Ama öyle bir an gelir ki bu hatadan bu kadar korkan insana zihnine bir virüs gibi bir düşünce yapışır ve bu kişi bu düşünceden dolayı çok rahatsız olur. Genelde bu rahatsız edici düşünce ya öyle yaparsam, ya öyle olursa, ya başıma böyle gelirse gibi ya da sevdiklerimin başına böyle şeyler gelirse gibi hep olumsuz ve bazen kişi tarafından iğrenç, rahatsız edici ve korkunç görünen şeyler olur. Sonrasında kişi bu düşünceden kurtulmaya çalıştıkça bunun batağına saplanır. İşte bu videoda sana...

böyle takıntılı düşüncelerden nasıl kurtulabilirsin? Bunlardan bahsetmek istiyorum. Takıntılı düşüncelere örnek ve detay vermek istemiyorum.

Çünkü eğer takıntıya meylim varsa benim verdiğim örnekleri de düşünüp acaba bende bu var mı diye kendi halinde bunu da takıntıya çevirebilirsin. Ama şunu söyleyebilirim. Kategorik olarak hangi takıntılarla karşılaşıyoruz?

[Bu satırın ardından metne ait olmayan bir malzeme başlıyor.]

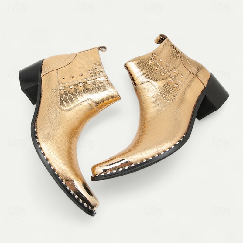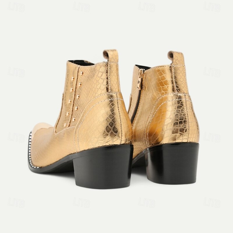 More information about Men's Gold Crocodile Print Ankle Boots – Luxury Metallic Cowhide Zip-Up Boots with Stud Accents for Performances, Galas and Nightlife Wear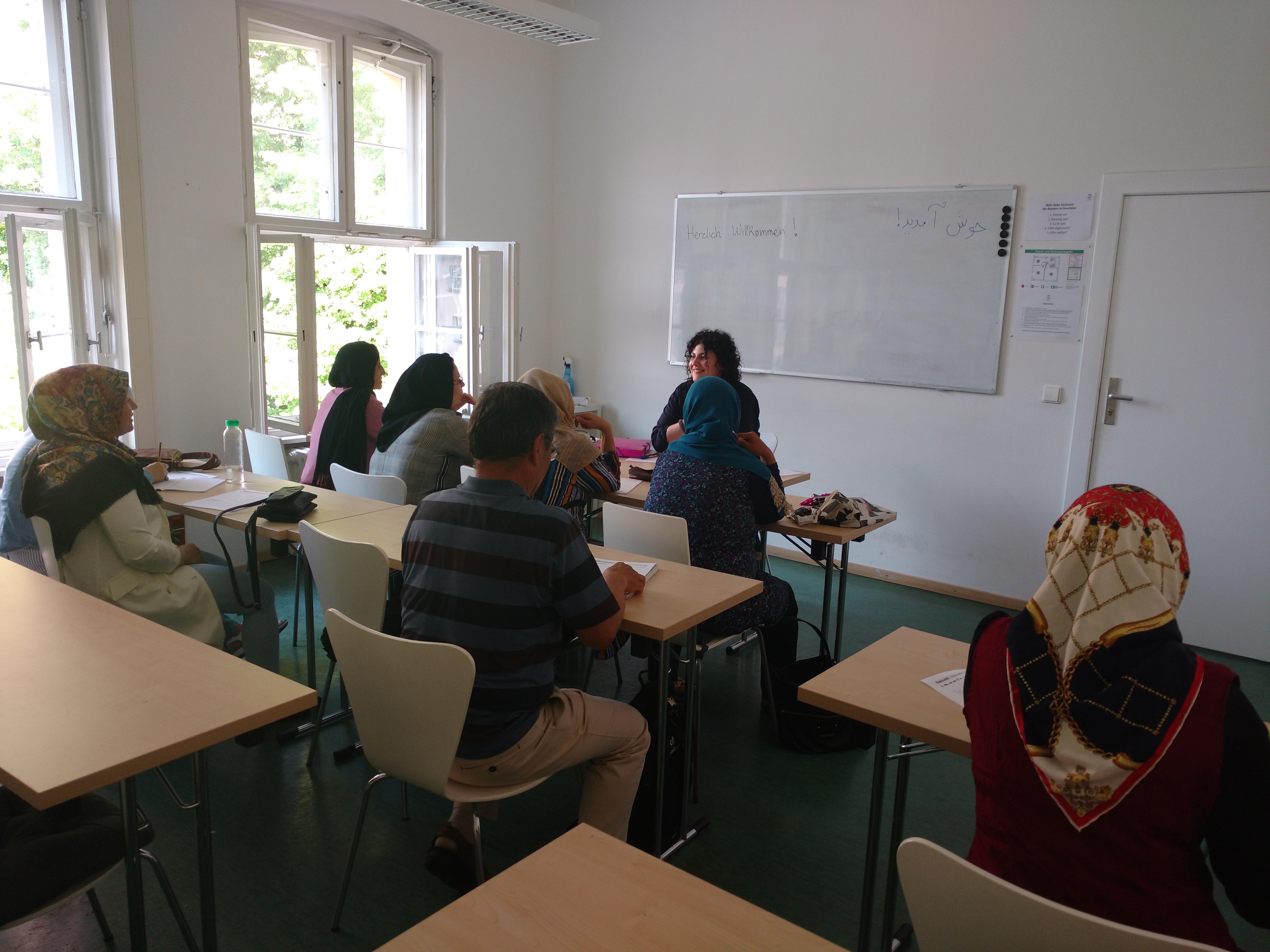 In den Räumlichkeiten der GIZ GmbH kamen am 6. Juni zwölf Lernende zum ersten Kurstag zusammen. Die Gruppe, bestehend aus zehn Frauen und zwei Männern, ist mit Persisch und/oder Dari als Muttersprache sprachhomogen zusammengestellt. Die bilinguale Lehrkraft unterstützt und begleitet die Lernenden auf ihrem Weg Deutsch lesen und schreiben zu lernen.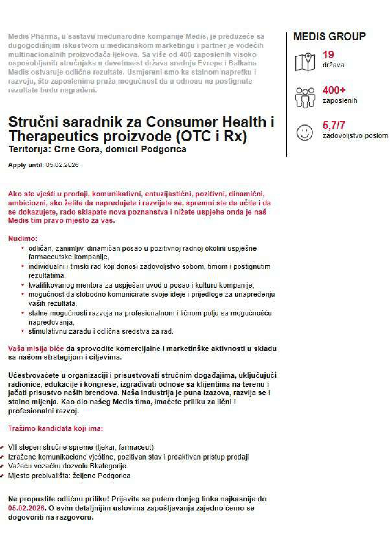 Stručni saradnik za Consumer Health i Therapeutics proizvode…

Dini takıntılar çıkabiliyor. Temizlik takıntıları çıkabiliyor. Kirlenme takıntıları yani.

Hasta olma takıntıları çıkabiliyor. Başıma şöyle bir şey gelirse takıntıları çıkabiliyor. Ya ben şöyle biriysem ya dini anlamda rahatsız edici düşünce takıntıları ortaya çıkabiliyor.

Bunlar bizim sık karşılaştığımız takıntılı düşünceler. Şimdi bu insanlar genelde takıntılı düşünceye meyilli olan insanlar başta söylediğim gibi hata yapmaktan korkan, her şeyi doğru düzgün yapmaya çalışan insanlar. Şimdi bu insan internette, televizyonda, gazetede bir arkadaş muhabbetinde kendisini rahatsız edecek bir örnek duyuyor.

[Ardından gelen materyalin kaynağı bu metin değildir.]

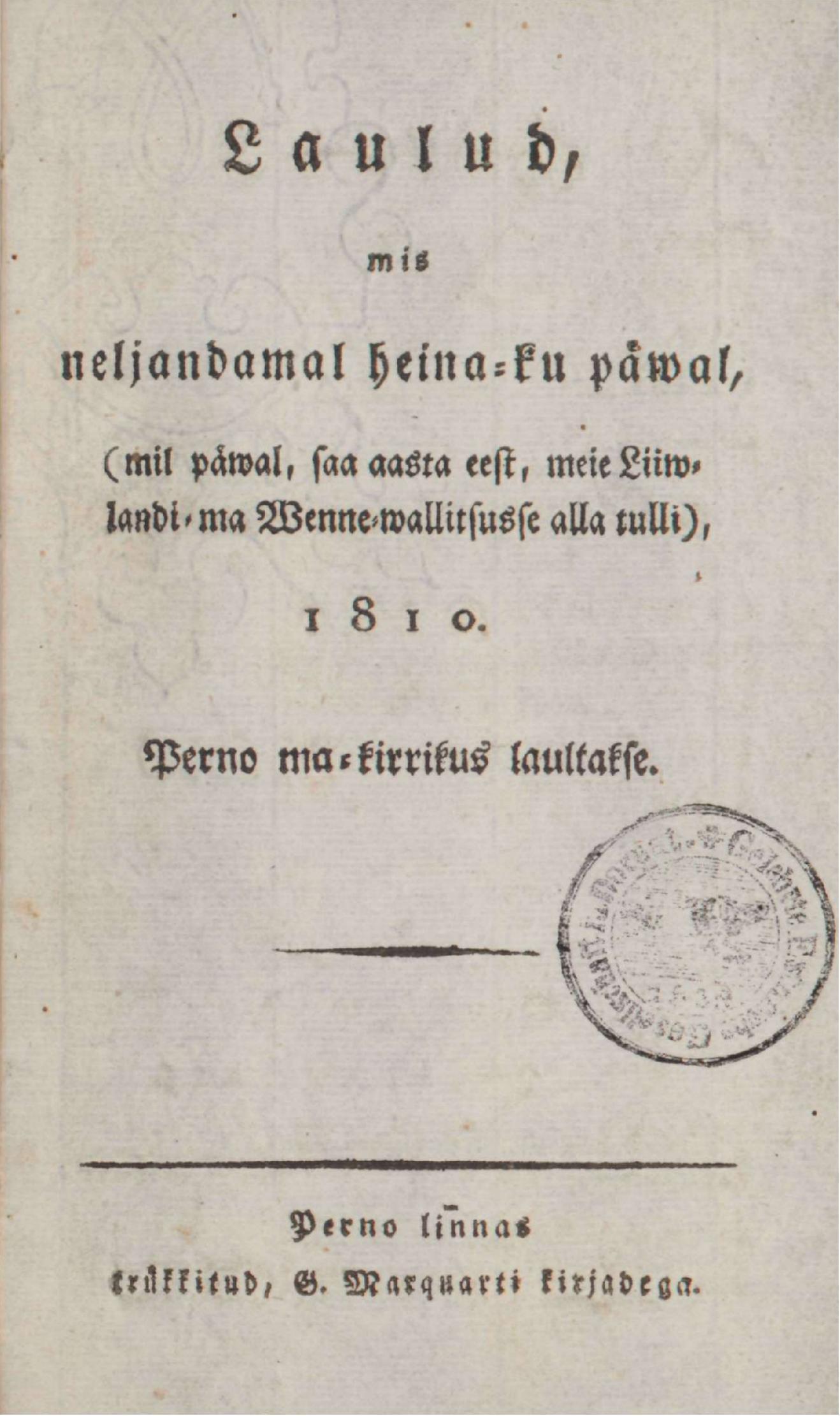 Laulud, mis neljandamal heina-ku päwal ... Pärnu trükikoda 1810
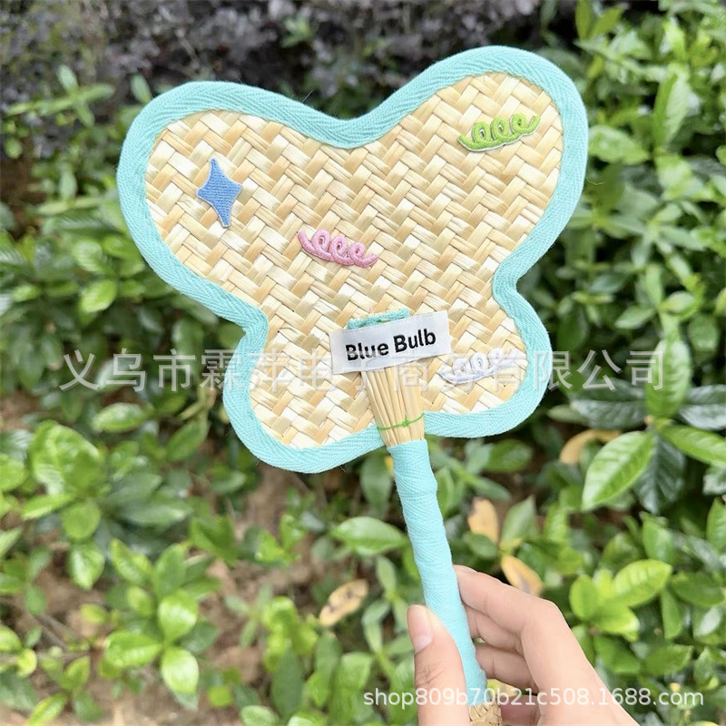 작은 빨간 책 같은 스타일 개 팬 귀여운 여름 나비 cattail 팬 인터넷 연예인 자매 손으로 완성 된 밀 밀짚 팬
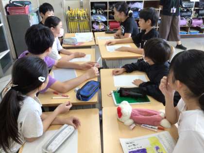 今日は完成した秋の俳句で句会を行いました。 友達の俳句を読んで、各グループごとにいい作品を選びました。

Bir düşünceye şahit oluyor. Bir şekilde bu bazen kişinin kendisine uygun olmayan rahatsız edici bir şey olabiliyor. Ve sonrasında kişi o anda diyor ki acaba bende böyle bir şey olabilir mi?

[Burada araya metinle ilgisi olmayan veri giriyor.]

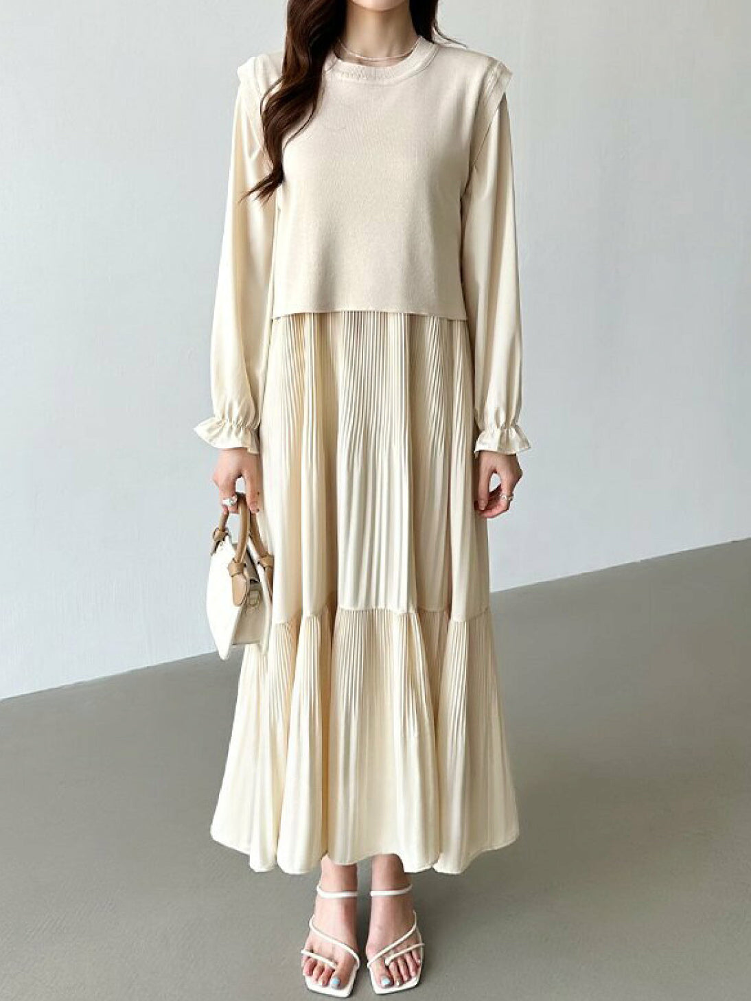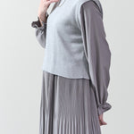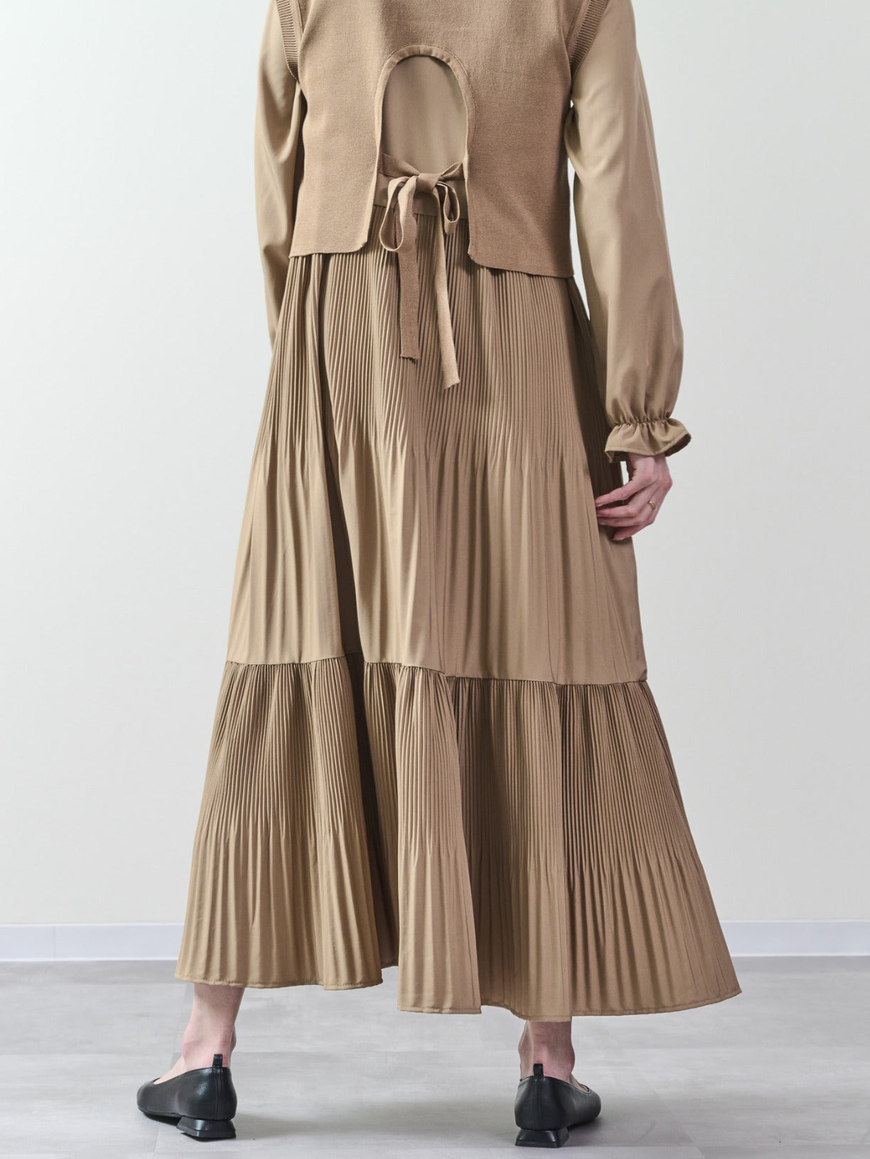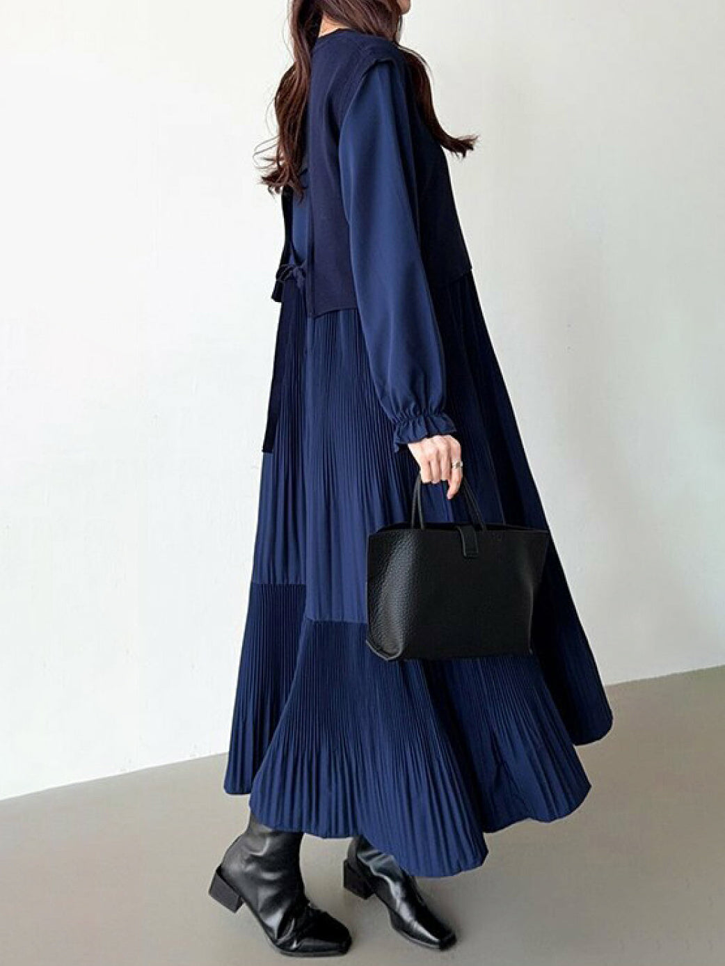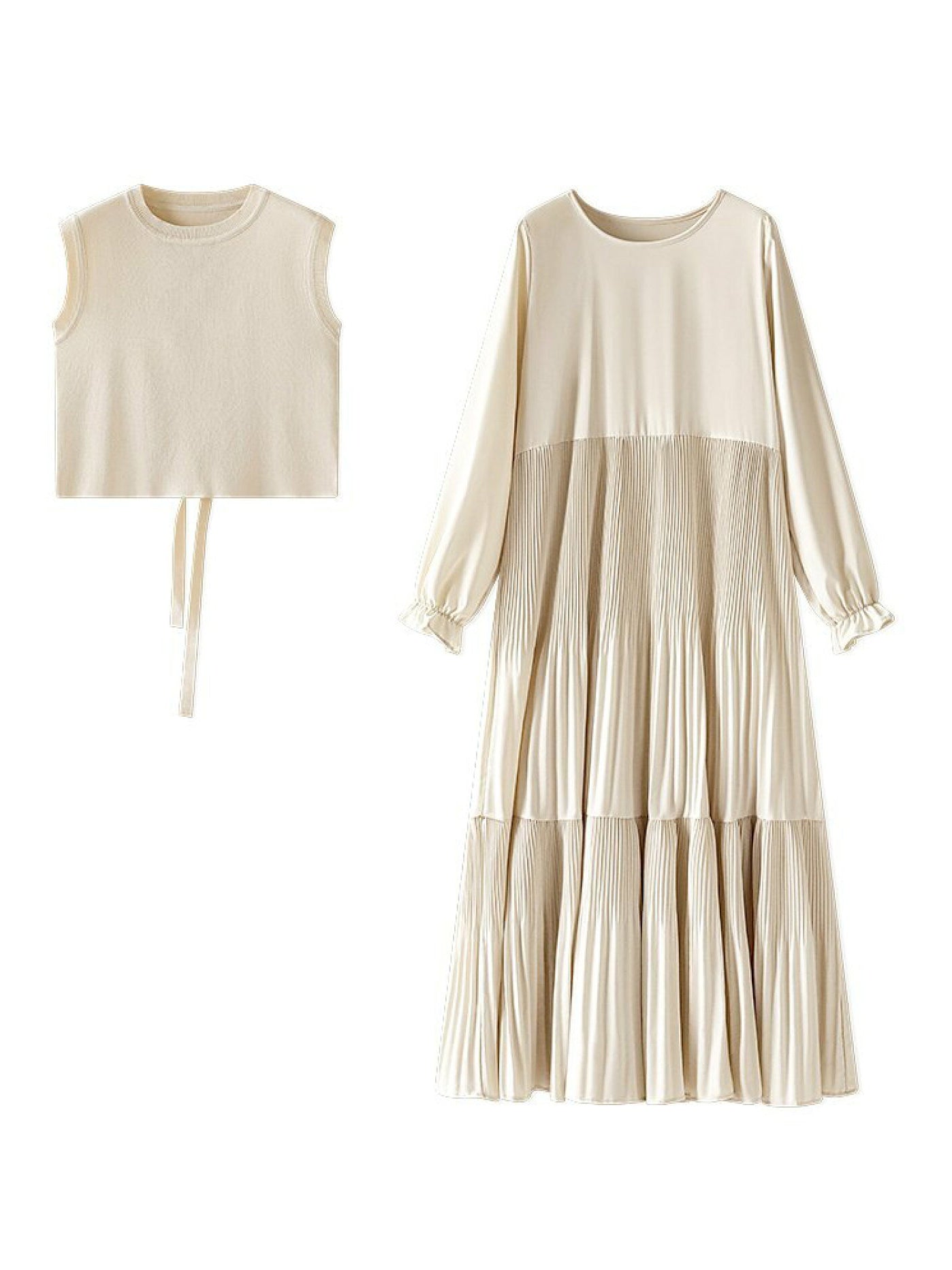 Back Ribbon Knit Vest + Pleated Dress Set (5 Colors)

Ben öyle birisi olabilir miyim? Ben böyle bir şey yapabilir miyim? diye kendi içinde bir döngüye giriyor.

Döngüye girdikten sonra kişinin o andan itibaren düşüncesel cehennemi başlıyor. Öyle miyim değil miyim, öyle miyim değil miyim? Bunu kafasından atmaya çalıştıkça o düşünce büyümeye başlıyor. düşündükten kaçıyor çünkü eğer öyle olursa onun için korkunç bir senaryo oluyor. Bu sebeple o korkunç senaryoya maruz kalmamak için elinden geldiğince kaçmaya çalışıyor ama kaçmaya çalıştıkça o düşünce büyüyor.

Şimdi şöyle bir şey bu insanlar dediğim gibi o düşünceyi duydu ve zihnine yapıştı. Kişi burada yapması gereken şu aslında o düşünceden kaçtıkça o düşünce büyüyor. Özellikle rahatsız olduğun düşünceyi bir önüne al bakalım ve sonrasında bu düşünce hep belli bir bir yere kadar gelir.

Ya öyle olursa diye düşünürsün ve kaygılanırsın. Öyle olduğunu düşün. Başına kötü şeylerin geldiğini düşün. Aklına gelen o rahatsız edici düşünceyi en detayına varıncaya kadar olmuş gibi düşün bakalım. Şimdi bunu belli bir müddet yaptıktan sonra bu rahatsız edici düşünce git gide sana daha az rahatsızlık vermeye başlayacaktır.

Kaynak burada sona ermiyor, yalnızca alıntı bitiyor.